We now compare the number of unique keywords in UD with the number of unique keywords in Wiktionary, another participatory dictionary. Wiktionary manifests a different policy than the UD. Wiktionary content is created and maintained by administrators (selected by the community), registered users, and anonymous contributors. Unlike UD, there are many different mechanisms in Wiktionary to ensure that content complies with community guidelines. Each page is accompanied by a talk page where users can discuss the content of the page and resolve any conflicts. In addition, Wiktionary contains guidelines for the structure and content of entries. Capitalization is consistent, and content or keywords that violate Wiktionary guidelines are removed. For example, while UD and Wiktionary have misspelled keywords (e.g., believe for believe), Wiktionary guidelines state that only common misspellings should be included, while rare spelling mistakes should be excluded.7 However, such guidelines do not exist in UDs. Wiktionary entries are therefore subject to a deeper level of curation.

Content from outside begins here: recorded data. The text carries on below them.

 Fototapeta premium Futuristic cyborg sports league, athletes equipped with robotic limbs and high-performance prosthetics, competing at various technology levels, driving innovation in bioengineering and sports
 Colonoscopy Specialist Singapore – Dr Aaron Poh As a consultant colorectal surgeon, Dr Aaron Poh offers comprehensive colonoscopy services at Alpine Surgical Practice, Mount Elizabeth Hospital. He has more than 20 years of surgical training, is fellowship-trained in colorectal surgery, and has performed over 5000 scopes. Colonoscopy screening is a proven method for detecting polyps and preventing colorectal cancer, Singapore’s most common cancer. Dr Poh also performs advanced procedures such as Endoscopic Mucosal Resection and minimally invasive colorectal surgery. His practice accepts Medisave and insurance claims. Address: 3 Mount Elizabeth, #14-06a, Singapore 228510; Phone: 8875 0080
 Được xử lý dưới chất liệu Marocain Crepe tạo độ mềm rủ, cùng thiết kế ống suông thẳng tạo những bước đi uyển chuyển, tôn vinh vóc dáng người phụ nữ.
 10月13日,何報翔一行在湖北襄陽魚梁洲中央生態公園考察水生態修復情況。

A notable feature of UD is that users can express their rating of different definitions for each keyword by adjusting the definition up or down.
There are few or no guidelines on “what is a good definition” in UD, and users are expected to judge the quality of definitions based on their own subjective perception of what an urban dictionary should be. Figure 6a shows the distribution of the number of votes for or against received by each definition for all definitions of all keywords. A similar trend is evident, where many definitions received very few votes (both up and down) and few definitions received many votes. Figure 6b shows a scatterplot of the number of negative votes versus the number of votes up for each definition. There is a striking correlation between the number of positive and negative votes for each definition, emphasizing the role of visibility rather than the quality of the number of votes. However, there seems to be a systematic deviation from the perfect correlation, with the number of positive votes usually exceeding the number of negative votes. This becomes clearer in Figure 6c, where the distribution of the ratio of votes for positive and negative votes is shown. Obviously, there are large differences between definitions, with some having more than 10 times more positive votes than negative votes and others vice versa.

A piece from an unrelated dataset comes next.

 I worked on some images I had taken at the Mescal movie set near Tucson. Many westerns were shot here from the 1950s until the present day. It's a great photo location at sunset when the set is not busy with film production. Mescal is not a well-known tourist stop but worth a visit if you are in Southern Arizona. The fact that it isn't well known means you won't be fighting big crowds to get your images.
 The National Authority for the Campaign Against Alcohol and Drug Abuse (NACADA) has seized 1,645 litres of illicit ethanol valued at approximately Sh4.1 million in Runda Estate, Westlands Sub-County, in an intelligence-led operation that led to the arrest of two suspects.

Despite several attempts to contact Urban Dictionary to confirm their data-sharing policies, the authors were unable to confirm that depositing our data in a public repository would violate their terms and conditions. In addition, due to these concerns, it was not possible to host the current document in a public repository. With this in mind, the authors note that the R analysis code and annotations are available via github.com/alan-turing-institute/urban-dictionary-rsos2018. The authors are happy to provide researchers with the original data if they contact us personally. This statement was coordinated with the magazine. Because of case inconsistency in UD, we are experimenting with three approaches to matching keywords between the two dictionaries: no preprocessing, lowercase all characters, and mixed.8 Table 2 shows the result of this match. The number of unique keywords in UD is much higher and the lexical overlap is relatively small. Sometimes there is a correspondence at the lexical level (i.e. the keywords match), but UD or Wiktionary cover different or additional meanings. For example, phased is described in UD as “something that happens little by little – in phases,” a meaning that is also covered in Wiktionary. However, UD also describes other meanings, including “a word used when you ask if anyone wants to fight” and “hum” when you`re not drunk but not sober.
A little further, the term “company” is presented in the form of a “group of people; his companions or collaborators; a guest or guests. In this form, enterprise refers to the group of people who would be exposed to the information. The Internet enables large-scale collaborative projects and the emergence of Web 2.0 platforms where content producers and consumers meet has radically changed the information market.